Marx-onomics: When The World is Your Family

To parents in a certain phase of life, this is art:

The value of this piece has nothing to do with beauty or impressing your friends. This goes on the fridge to reward hard work and build self esteem. The longer and more effort the child put into the work the more he/she cares about it and so the more a parent values it.

Now keep that in mind for a sec. Here is Brad Delong quoting Karl Marx in this very interesting essay:

To say that “the value relation[s] between the products of labour… have absolutely no connection with their physical properties” is simply wrong: if the coffee beans are rotten–or if their caffeine level is low–they have no value at all, for nobody will buy them. Marx says that the value of a good is something inscribed within it and attached to it–the socially-necessary labor time for its production—that then bosses people around. And it is the values–not the prices at which things are actually bought and sold–that are the elements of the real important reality. And those values: “appear as independent beings endowed with life and
entering into relation both with one another and the human race.”

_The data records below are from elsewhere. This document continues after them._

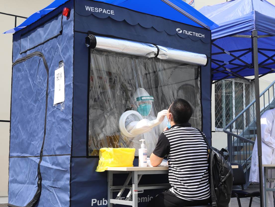 清华大学校医院医护人员在同方威视防疫检测移动舱内进行核酸检测工作
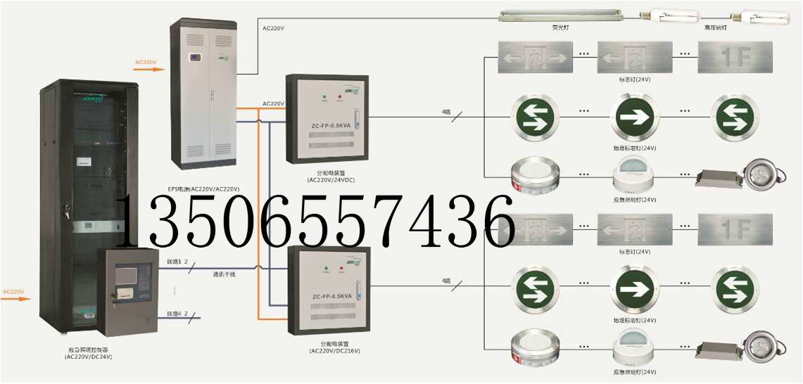 3、一台分配电装置具有4个灯具回路,每个灯具回路可配接127只集中控制型消防应急灯具,所以一台分配电装置的最大容量为127×4=508点,一台控制器最大可控制灯具数量为16×4×508=32512只。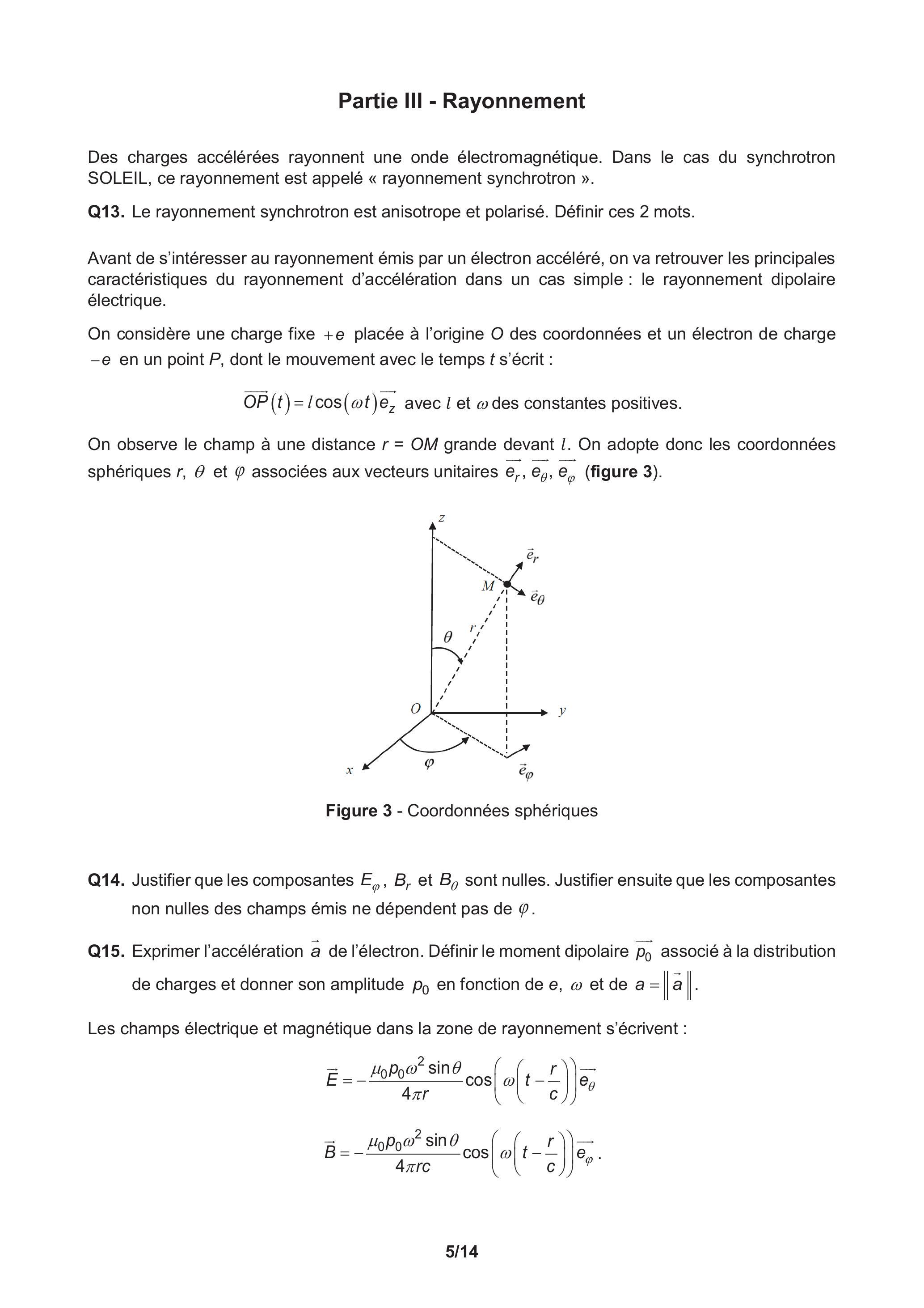 Q14. Justifier que les composantes et sont nulles. Justifier ensuite que les composantes non nulles des champs émis ne dépendent pas de .
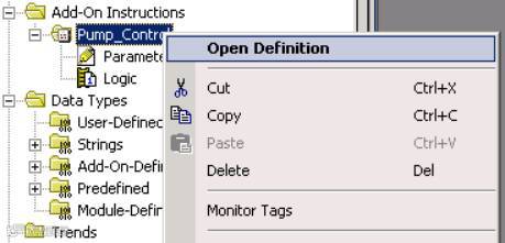 如果我们未选中“打开定义”(Open Definition),将不会打开该对话框。此时,我们应右键单击“Pump_Control”并选择“打开定义”(Open Definition)。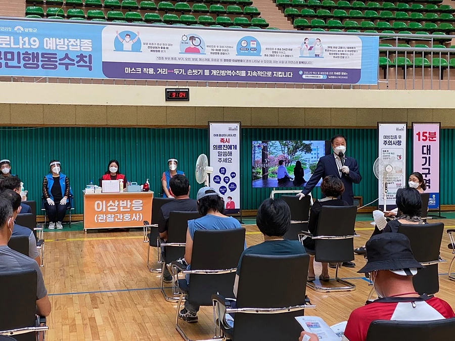 이어 정 군수는 "접종 센터 운영 및 방역에 최선을 다해주고 계신 의료진과, 양평군 보건소 직원, 봉사자, 공직자 여러분들의 헌신과 노고에 깊은 감사를 드린다"고 언급했다.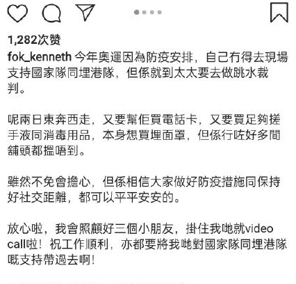 很快霍启刚就在社交媒体上回应,称:“放心拉,我会照顾好三个小朋友,祝工作顺利,把我对国家队和中国香港队的支持带过去啊。”

Now I have never found anybody who thinks this way.

Customers don’t care how much work something took. Producers do. If a short project ends in failure, we can shrug it off. If we pour our lives into something that dies, we get grumpy.

Now, there are many who’d go to great lengths to keep you from getting grumpy. Family and friends might wear that hideous sweater you knitted for them once or force down that rubbery low fat jello you insist on bringing to dinner. They want you to feel good because that’s how close relationships work.

But they ain’t most people. And they’re not wearing that sweater anywhere outside your company.

I feel like emphasis on the family metaphor is sometimes a core difference between conservative and liberal politics. Left wing people, in other words, are more likely to support policies that treat strangers as family and right wing people to treat strangers as something less.